The Mortgage Corner
Earlier this month, researchers at the Urban Institute’s Housing Finance Policy Center published some of their research on lending standards. Drawing on data from the Home Mortgage Disclosure Act, they found that lower-credit applicants accounted for only 33 percent of all applicants in 2015. That compares to 62 percent in 2006, at the height of the bubble, and 50 percent in 2000, when market conditions were generally considered balanced.
What determines a “lower-credit applicant’, according to the Urban Institute? A FICO score below 700, a loan-to-value ratio less than 78 percent, and debt to income ratio less than 30 percent. That means prospective homeowners and borrowers are either easily discouraged, or other factors that tighter credit criteria are at play, since 700 is still a good credit score and even a 10 percent down payment with 45 to 50 percent debt to income ratios usually mean a credit-worthy borrower in today’s housing markets.

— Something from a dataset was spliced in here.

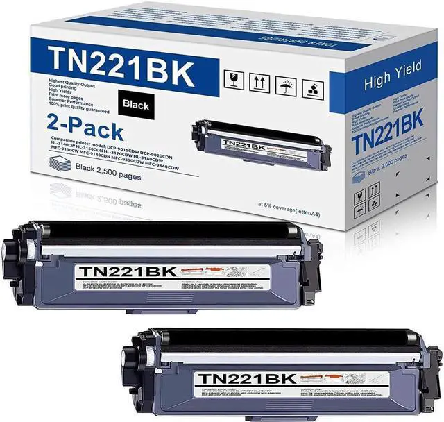2 Pk TN221 Black Toner For Brother TN-221 HL-3180CDW MFC-9330CDW MFC-9340CDW

Of course it makes sense that borrowers with “less than perfect credit” would have a more difficult time qualifying for a mortgage. But why 7 years into this recovery would so many lower credit applicants still have problems qualifying?

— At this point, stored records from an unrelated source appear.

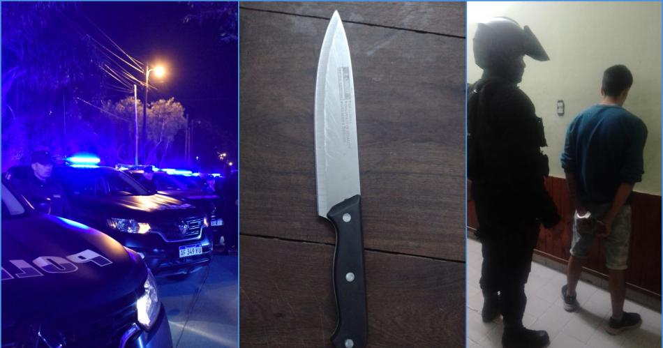 Un hombre fue detenido después de haber protagonizado un escándalo, en el que agredió a su hermano tras una discusión y no conforme con ello, horas más tarde lo amenazaba de muerte con un cuchillo. Los policías tuvieron que intervenir para que desistiera de su accionar y se entregara.
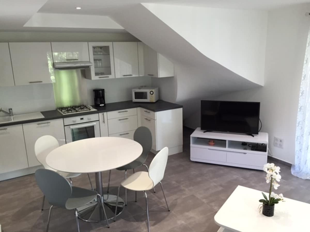 7 km from Ajaccio and 8 km from the nice beach of the Gulf of Lava, relaxation assured in this spacious loft of 80m2, cosy and so bright, with sea view in the distance, classified 4*. Located in Alata in the countryside, 20 minutes from the airport and 15 minutes from the port, the single-foot loft (villa bottom), is fully equipped for a pleasant stay. 2 terraces... Complete childcare equipment. It is a loft so there is no closed room except the bathroom! Ideal for a couple and max 2 children.
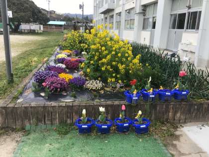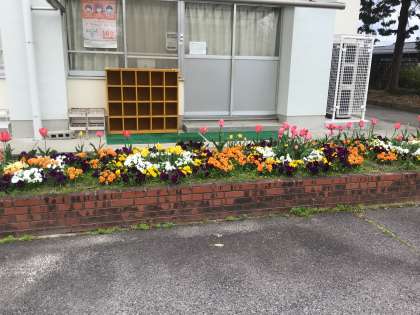 子どもたちの登校前です。 桜はもうすぐ満開ですね! お花たちも,子どもたちが来るのを楽しみしているよ!
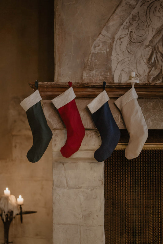 100% linen Christmas stockings with a striped cuff and a loop for hanging. Beautiful linen stockings for the most beautiful season of all. Decorate your home this Christmas by choosing sustainability- linen is durable and, if taken care of properly, can last a lifetime. Hang your Christmas stocking on a fireplace, a wall or doors or use it as an eco-friendly packaging for under the tree.
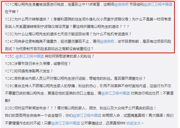 但其实高以翔的逝去还是存在着诸多的疑点,就这些疑点,高以翔的粉丝团也提出了自己的诉求。

There are a number of factors, including higher home prices, of course. And incomes are not rising as they should even with this low inflation environment, while mortgage rates remain historically low—still below 4 percent for conforming 30-year fixed rates—an incredible boon for prospective homebuyers given the low inflation environment..
In fact, it’s not so much that lending standards are stricter. Rather, thanks to the government ownership of conventional mortgage giants Fannie Mae and Freddie Mac, mortgages have become more expensive because of so-called fee addon’s with “less than perfect” credit scores below 700, which Fannie Mae and Freddie Mac have tacked on more recently.
Why discourage what are very credit-worthy borrowers in normal times? Costs go up exponentially with credit scores below 720 for Fannie Mae and Freddie Mac guaranteed mortgages—as much as 2.5 points, which translates to an equivalent 0.625 percent rate increase.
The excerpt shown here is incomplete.